(Exercise instructions): Take nothing but the lines from the one with "Le 31 mars de" through the one with "Unaudited Report of" in the entries below, both ends kept, and return them exactly with pictures left out.
---------- Data records ----------
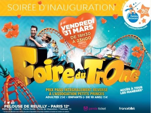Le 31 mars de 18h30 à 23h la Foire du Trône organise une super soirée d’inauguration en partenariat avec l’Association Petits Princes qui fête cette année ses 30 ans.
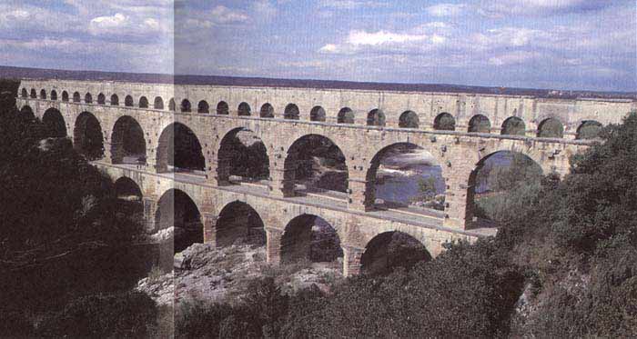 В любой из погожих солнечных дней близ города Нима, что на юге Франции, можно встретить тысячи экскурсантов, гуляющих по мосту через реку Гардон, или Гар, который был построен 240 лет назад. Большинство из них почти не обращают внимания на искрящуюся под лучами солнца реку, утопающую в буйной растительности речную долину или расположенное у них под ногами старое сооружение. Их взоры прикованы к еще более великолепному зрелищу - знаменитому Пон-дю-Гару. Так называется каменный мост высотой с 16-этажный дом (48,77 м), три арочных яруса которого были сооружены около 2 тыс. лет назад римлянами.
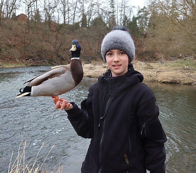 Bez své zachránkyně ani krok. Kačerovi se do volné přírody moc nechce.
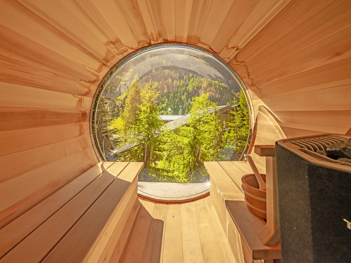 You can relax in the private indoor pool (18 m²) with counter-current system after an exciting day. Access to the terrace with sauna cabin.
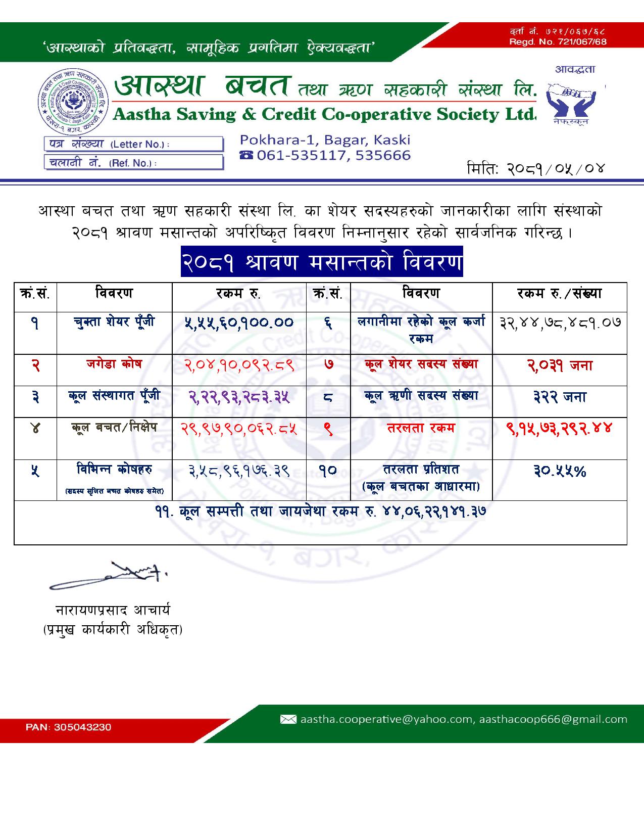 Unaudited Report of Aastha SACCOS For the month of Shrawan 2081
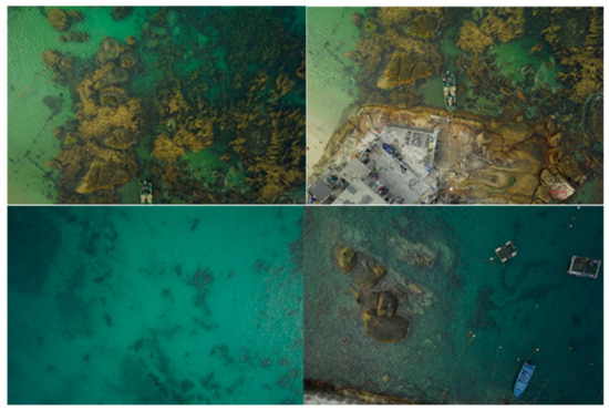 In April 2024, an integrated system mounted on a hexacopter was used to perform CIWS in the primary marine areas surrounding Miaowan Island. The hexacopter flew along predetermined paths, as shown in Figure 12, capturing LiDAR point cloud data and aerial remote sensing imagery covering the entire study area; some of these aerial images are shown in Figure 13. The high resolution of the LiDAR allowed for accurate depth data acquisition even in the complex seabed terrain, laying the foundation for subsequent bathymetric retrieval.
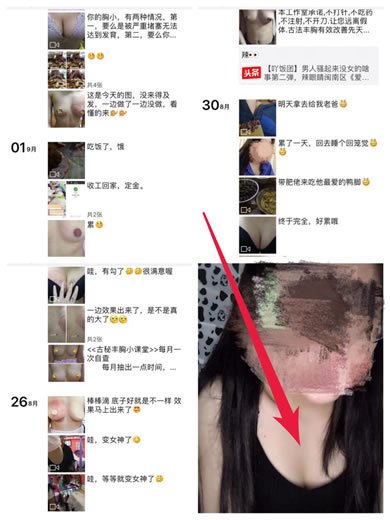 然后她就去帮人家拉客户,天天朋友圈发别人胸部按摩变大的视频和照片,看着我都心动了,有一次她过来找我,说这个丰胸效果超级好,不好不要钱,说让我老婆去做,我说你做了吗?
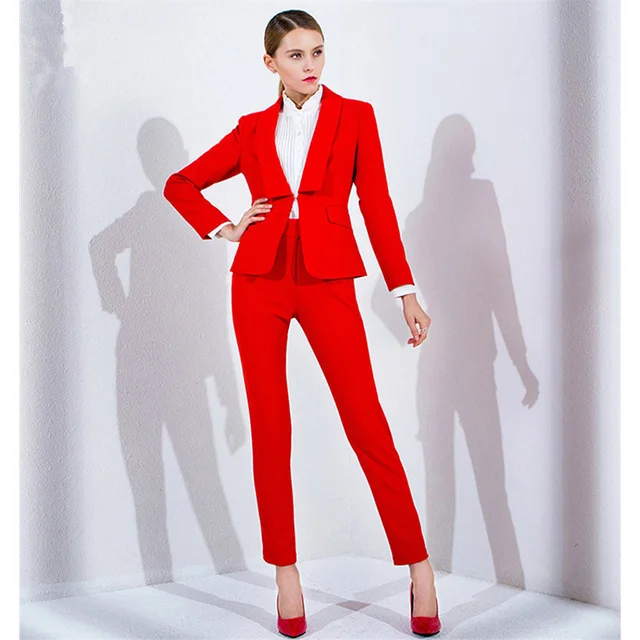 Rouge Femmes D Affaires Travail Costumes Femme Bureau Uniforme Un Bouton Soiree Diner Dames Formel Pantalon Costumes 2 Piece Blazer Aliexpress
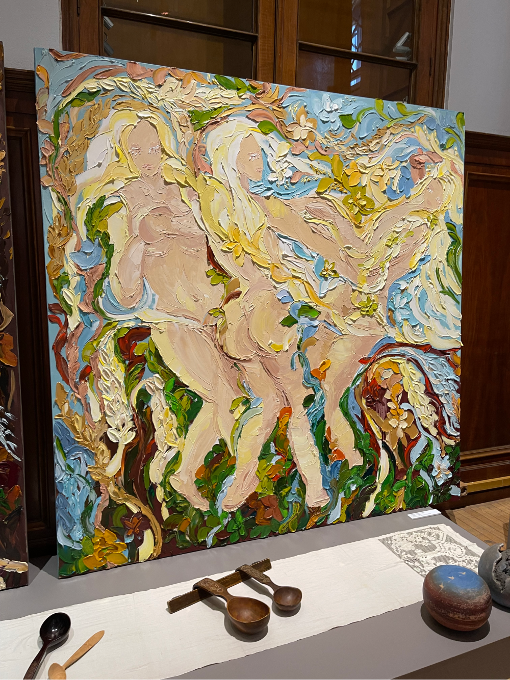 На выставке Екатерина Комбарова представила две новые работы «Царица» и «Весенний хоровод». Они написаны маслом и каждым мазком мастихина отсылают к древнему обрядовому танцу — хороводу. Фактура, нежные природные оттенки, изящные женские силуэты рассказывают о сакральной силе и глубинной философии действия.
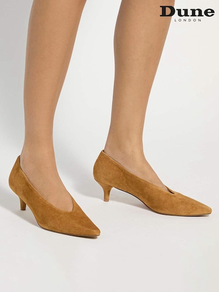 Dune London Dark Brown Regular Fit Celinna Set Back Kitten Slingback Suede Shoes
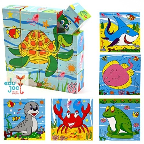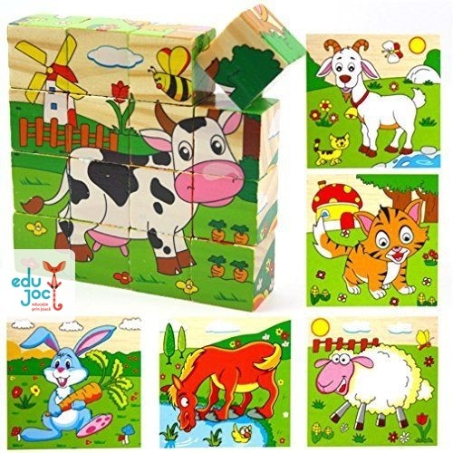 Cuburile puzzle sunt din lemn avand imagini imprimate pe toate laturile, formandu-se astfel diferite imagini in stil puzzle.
----------
---------- Data records ----------
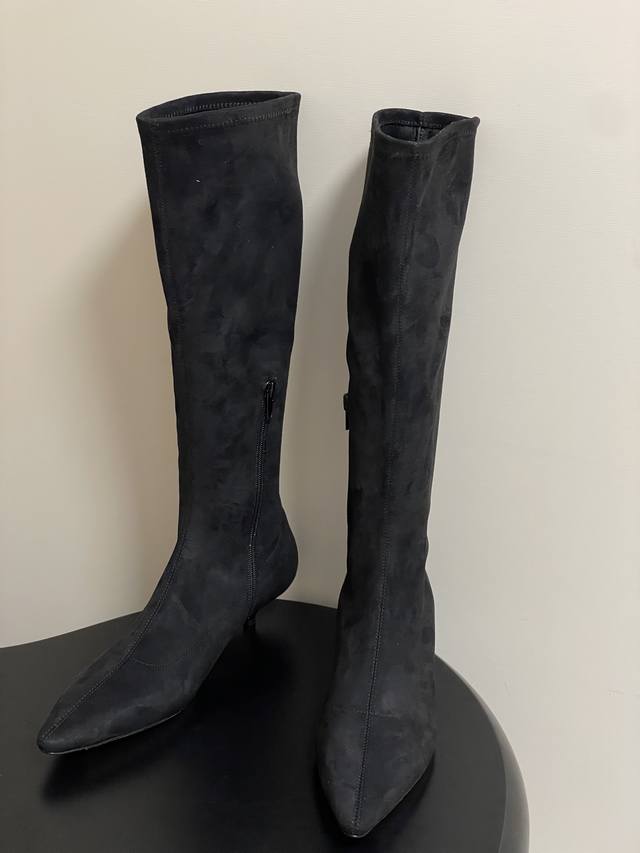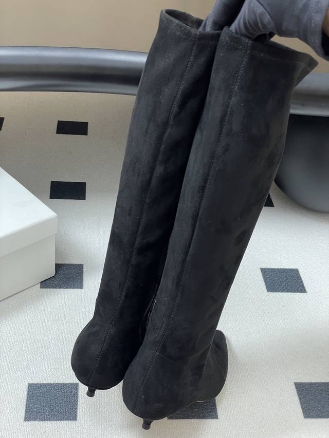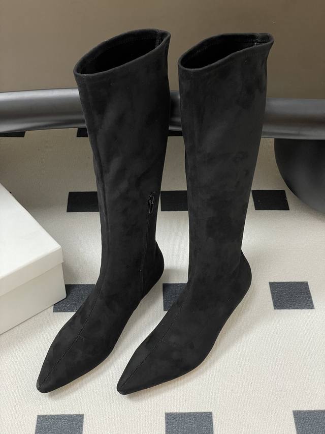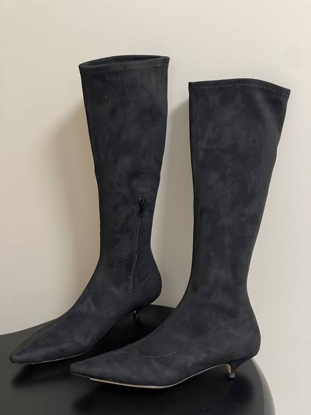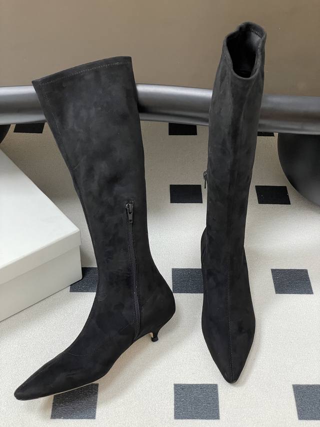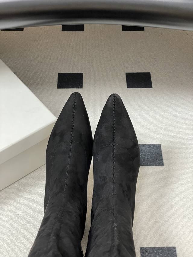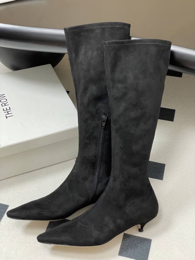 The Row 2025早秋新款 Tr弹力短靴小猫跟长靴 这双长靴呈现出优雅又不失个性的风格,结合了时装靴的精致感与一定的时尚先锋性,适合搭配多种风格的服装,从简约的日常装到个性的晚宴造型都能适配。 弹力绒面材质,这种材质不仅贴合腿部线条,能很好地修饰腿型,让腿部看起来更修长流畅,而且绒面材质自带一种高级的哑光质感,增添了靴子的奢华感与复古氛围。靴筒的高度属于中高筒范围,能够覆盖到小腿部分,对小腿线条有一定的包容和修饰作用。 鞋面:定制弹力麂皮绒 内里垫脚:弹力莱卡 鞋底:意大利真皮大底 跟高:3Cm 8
----------
(Answer):
Le 31 mars de 18h30 à 23h la Foire du Trône organise une super soirée d’inauguration en partenariat avec l’Association Petits Princes qui fête cette année ses 30 ans.
 В любой из погожих солнечных дней близ города Нима, что на юге Франции, можно встретить тысячи экскурсантов, гуляющих по мосту через реку Гардон, или Гар, который был построен 240 лет назад. Большинство из них почти не обращают внимания на искрящуюся под лучами солнца реку, утопающую в буйной растительности речную долину или расположенное у них под ногами старое сооружение. Их взоры прикованы к еще более великолепному зрелищу - знаменитому Пон-дю-Гару. Так называется каменный мост высотой с 16-этажный дом (48,77 м), три арочных яруса которого были сооружены около 2 тыс. лет назад римлянами.
 Bez své zachránkyně ani krok. Kačerovi se do volné přírody moc nechce.
 You can relax in the private indoor pool (18 m²) with counter-current system after an exciting day. Access to the terrace with sauna cabin.
 Unaudited Report of Aastha SACCOS For the month of Shrawan 2081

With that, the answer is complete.